With just one small slice to go, a guy friend I had a crush on popped over for a drink with GFM and I.  As I searched the fridge for some form of tapas to enjoy with our wine he spotted my giant dish of un-lasagne.   My insides slowly died as he removed the alfoil and cast his eyes on my creation.

“So, hey, that’s a science experiment to see if you can cook something both crunchy and soggy at the same time.  It looks like I’ve succeeded.”  I mumbled embarrassingly as he looked sadly at me.  This guy is an amazing cook so you can imagine my horror and shame at not being able to whip up Italy’s favourite meal.  Yes, this is why I am a shit wife and will be single forever.

I’m not really into lasagne” he said as he pushed me against the fridge door and kissed me.   Well thank God for that, because if this relationship is to go anywhere, I won’t be the one spending any time in the kitchen.  Unless you are longing for a life of inedible lasagne.  Then it’s game on.  

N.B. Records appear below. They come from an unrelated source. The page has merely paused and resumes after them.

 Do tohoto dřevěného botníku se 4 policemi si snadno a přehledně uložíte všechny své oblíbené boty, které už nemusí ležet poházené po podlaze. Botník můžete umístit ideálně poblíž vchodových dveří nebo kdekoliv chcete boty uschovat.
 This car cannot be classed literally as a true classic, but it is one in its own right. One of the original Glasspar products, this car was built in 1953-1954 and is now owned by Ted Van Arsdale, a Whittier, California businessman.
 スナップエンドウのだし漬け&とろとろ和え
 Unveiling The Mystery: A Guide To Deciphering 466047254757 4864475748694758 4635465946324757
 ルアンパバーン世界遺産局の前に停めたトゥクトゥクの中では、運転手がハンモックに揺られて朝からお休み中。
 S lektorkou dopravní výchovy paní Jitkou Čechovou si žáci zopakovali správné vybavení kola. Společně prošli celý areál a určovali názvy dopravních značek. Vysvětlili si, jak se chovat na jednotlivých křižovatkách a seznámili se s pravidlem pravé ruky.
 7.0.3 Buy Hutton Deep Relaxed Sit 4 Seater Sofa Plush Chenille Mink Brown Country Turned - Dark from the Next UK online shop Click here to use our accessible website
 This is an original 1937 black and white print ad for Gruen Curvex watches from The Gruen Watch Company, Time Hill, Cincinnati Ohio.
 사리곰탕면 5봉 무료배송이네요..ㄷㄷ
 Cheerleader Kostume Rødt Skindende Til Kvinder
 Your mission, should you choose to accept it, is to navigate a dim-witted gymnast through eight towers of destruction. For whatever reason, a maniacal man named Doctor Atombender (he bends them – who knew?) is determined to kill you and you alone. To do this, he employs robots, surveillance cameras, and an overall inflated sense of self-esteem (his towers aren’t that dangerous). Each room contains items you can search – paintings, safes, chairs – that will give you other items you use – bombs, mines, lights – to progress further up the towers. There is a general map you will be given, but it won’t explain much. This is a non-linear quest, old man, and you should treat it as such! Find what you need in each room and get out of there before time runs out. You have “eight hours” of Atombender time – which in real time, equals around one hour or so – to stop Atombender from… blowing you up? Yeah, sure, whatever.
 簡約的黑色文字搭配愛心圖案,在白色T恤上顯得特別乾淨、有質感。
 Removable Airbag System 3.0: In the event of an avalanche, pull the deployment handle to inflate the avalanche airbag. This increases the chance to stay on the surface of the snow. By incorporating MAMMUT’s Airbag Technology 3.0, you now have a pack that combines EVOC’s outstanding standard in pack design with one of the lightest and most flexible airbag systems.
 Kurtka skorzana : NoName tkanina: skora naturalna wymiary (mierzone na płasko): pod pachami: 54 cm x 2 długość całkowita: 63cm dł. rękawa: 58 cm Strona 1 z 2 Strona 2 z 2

Our love affair lasted as long as it took me to eat that final slice of crappy pasta bake.  Three days.  It’s okay, like baking, I think it’s important to try everything once and if it doesn’t work out, you move onto another recipe.  Or another man.  Or you eat out a lot. 

The only one doing any baking in our kitchen now is GFM.  He can make me fake or veggie lasagne until my belly swells with happiness.  Which it will given he didn’t use my usual gluten free pasta.  That’s fine, I’m still content.  Just a bloated kind of content.